Sermon for 16 after Pentecost 2021

Isaiah 50:4-9

James 3:1-12

Mark 8:27-38

                                     A SUFFERING AND VULNERABLE GOD

Lutheran professor emeritus, Charles Amjad-Ali has said that what first drew him to the Christian faith was that it proclaimed a suffering and vulnerable God.

Now this is a man who grew up with different religious cultures and experiences….but what finally made a Christian out of him (so to speak) was Christianity’s proclamation of a suffering and vulnerable God in Jesus Christ.

I’ve never forgotten that statement from the professor.  And today’s Gospel text certainly brought it back to my mind.

What has drawn people to Christianity throughout the centuries?  What draws people to it yet today?  Is it not the blessed truth of a suffering and vulnerable God who, in Christ, embraces us in our own suffering and vulnerability? 

And isn’t it also true, then, that any so-called “gospel” which would omit, obscure, or play-down the suffering and vulnerable aspect of God is a false gospel?  Yes, I think that is also true, indeed.

And yet what do we often see today, but countless forms of so-called Christianity which do just that – try to proclaim Christ without his suffering, vulnerable nature and calling Christians to “discipleship” with little or no sense of the suffering and vulnerable mission to which Christ calls the church-community?

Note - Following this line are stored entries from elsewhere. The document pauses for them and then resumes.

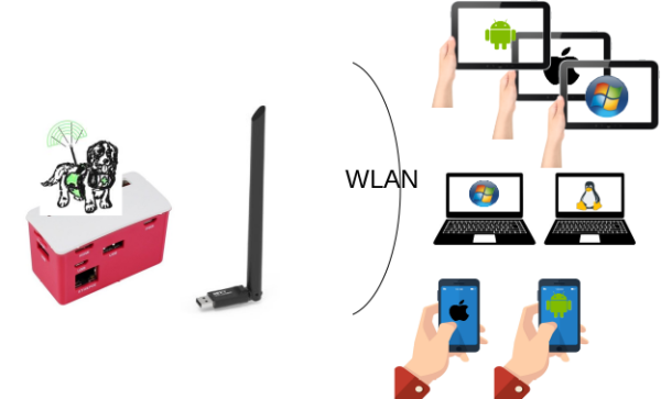 In einem Dorf, einem Ortsteil, einem Stadtteil werden im Einsatzfall (egal welchem) an speziellen Orten Notfallboxen aufgestellt werden, um möglichst viele Hotspots für die Menschen bieten zu können. Je mehr solche Notfallboxen auf der Fläche existieren, um so besser - da zum einen mit einer gewissen Ausfallrate beim Aufstellen gerechnet werden muss und zum anderen die Akkus ja auch irgendwann zur Neige gehen.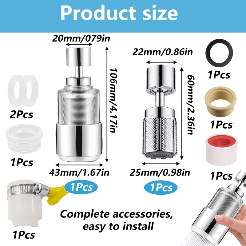• Box contents: our set contains 2 360 degree rotating tap attachment: one with two and one with three adjustable flow levels. Integrated filters, seals and adapters ensure easy installation and safe water quality.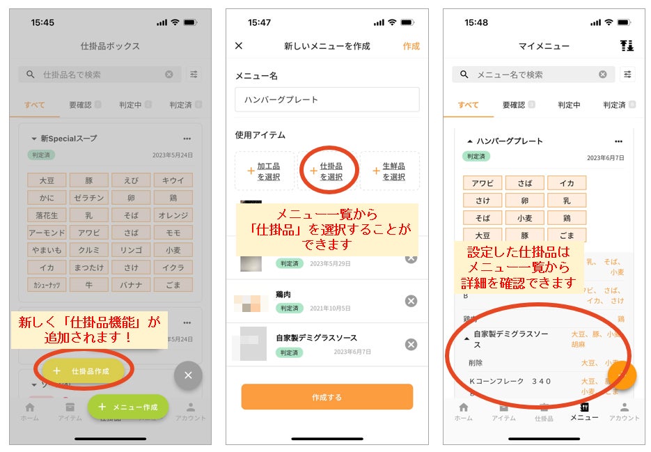 ■あらかじめ仕込んだソースなどの仕掛品も登録可能に!アレルギー管理サービスがバージョンアップ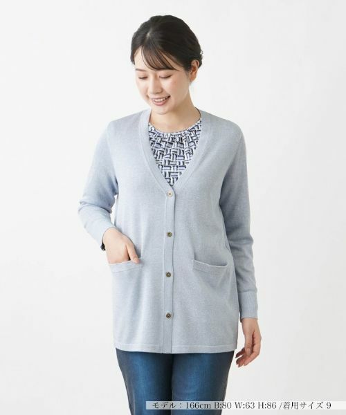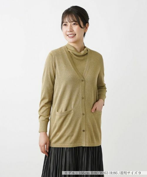 繊細な細番手で編まれたラメ入りのロングカーディガン。裏側はラメが当たりにくくしているので肌触りがよく、ラメが繊細に表現されています。しなやかなとろみと光沢のある素材感と、深めのVネックが上品な初秋向けのカーディガンです。------------------------------------着用シーズン:秋伸縮性:あり透け感:ありポケット:あり生地の厚さ:やや薄手-------------------------------------※商品の色味は、撮影場所や光のあたり具合、お客様のお使いの機器により色味が違って見える場合がございます。予めご了承ください。家庭洗濯不可漂白不可タンブル乾燥不可アイロン低温160℃まで石油系溶剤ドライクリーニング弱ウェットクリーニング不可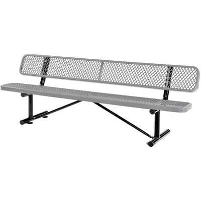 Global Industrial 8' Outdoor Steel Bench w/ Backrest, Expanded Metal, Gray (277155GY)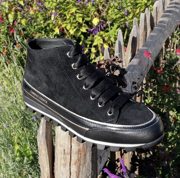 Veau velours noir et agneau noir, liseré platine , doublure entièrement agneau, semelle intérieure amovible cuir avec amorti, semelle gomme naturelle, talon de 4cm rehaussé par l’intérieur, zip sur le côté.
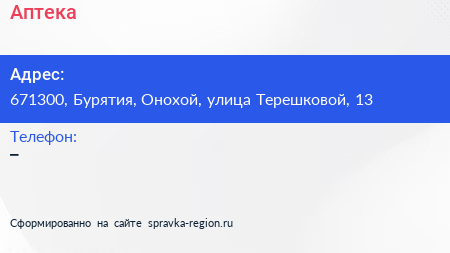 Аптека по адресу 671300, Бурятия, Онохой, улица Терешковой, 13 в дальнейшем Организация, размещена в следующих категориях: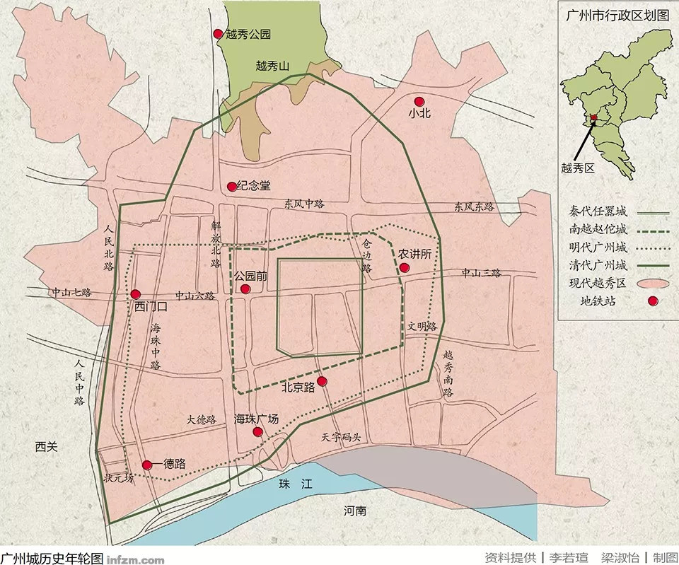 自公元前214年秦始皇派任嚣、赵佗率领50万大军统一岭南、建造番禺城(任嚣城)起至今,在长达2200多年的历史中,这座城市在不同的时代呈现着不同的风貌——从海水汤汤浮丘点点,到沙洲堆积陆地成片;从濒临海洋到远离海洋,从弹丸之城到国际都市……将广州历代的城市地图叠加在一起,可以清晰地看到一圈圈不同时代的城市边界形成的年轮,年轮的中心是最早的广州城,而一圈圈边界是每一次城市扩张留下的痕迹,两千多年来,广州就像一棵树那样生长着,将历史与文化沉淀在层层年轮里。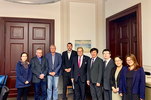 在羅斯托克大學,代表團一行會見了該校校長Wolfgang Schareck以及廢棄物與資源管理學院、活塞與內燃機實驗室負責人。雙方圍繞加強新能源、機械工程等專業領域合作與開展學生交流交換項目等內容深入探討并達成共識。代表團一行參觀了該校內燃機重點實驗室和廢棄物與資源管理重點實驗室。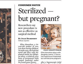 The Chicago Tribune details a new study on the effectiveness of a new permanent birth control method for women marketed under the brand name Essure. Researchers say that nearly 10% of women who undergo the sterilization procedure could still become pregnant. That’s nearly four times the risk of pregnancy that comes after the more traditional method of a laparoscopic tubal ligation.

I happened to turn on one of the “religious TV channels” the other evening when the baseball game wasn’t going very well, and the pastor spent the whole sermon (and it was quite long) telling people about the potential rewards they would receive if they gave to the church what God wanted them to give.

That’s a form of the “prosperity gospel” which is quite popular in its various expressions in these times.  God will “make your dreams of personal success come true” if you give or do or think the right things.

And then there is so-called “Christian nationalism” which is becoming another popular false-gospel in these times.  It’s the gospel of “American Exceptionalism” which is tied-in with national prosperity and pre-eminence; and mistaken notions of “freedom.”  (Mixing Christ in with all of that)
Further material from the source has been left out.